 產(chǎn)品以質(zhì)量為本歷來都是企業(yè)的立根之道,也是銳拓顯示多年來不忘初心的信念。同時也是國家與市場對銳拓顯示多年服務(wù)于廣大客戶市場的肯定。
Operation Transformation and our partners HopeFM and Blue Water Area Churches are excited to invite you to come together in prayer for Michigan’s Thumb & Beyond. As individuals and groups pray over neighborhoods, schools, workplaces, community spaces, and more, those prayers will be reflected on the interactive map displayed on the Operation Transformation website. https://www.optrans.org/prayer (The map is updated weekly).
---
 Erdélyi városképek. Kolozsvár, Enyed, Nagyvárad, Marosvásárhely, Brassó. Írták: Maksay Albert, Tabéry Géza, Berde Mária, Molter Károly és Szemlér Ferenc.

=== Exercise goal ===
Among the entries above, find the line with "產(chǎn)品以質(zhì" and the line with "Operation Transformation and"; give again exactly these two lines and all lines between them.

=== Exercise solution ===
 產(chǎn)品以質(zhì)量為本歷來都是企業(yè)的立根之道,也是銳拓顯示多年來不忘初心的信念。同時也是國家與市場對銳拓顯示多年服務(wù)于廣大客戶市場的肯定。
Operation Transformation and our partners HopeFM and Blue Water Area Churches are excited to invite you to come together in prayer for Michigan’s Thumb & Beyond. As individuals and groups pray over neighborhoods, schools, workplaces, community spaces, and more, those prayers will be reflected on the interactive map displayed on the Operation Transformation website. https://www.optrans.org/prayer (The map is updated weekly).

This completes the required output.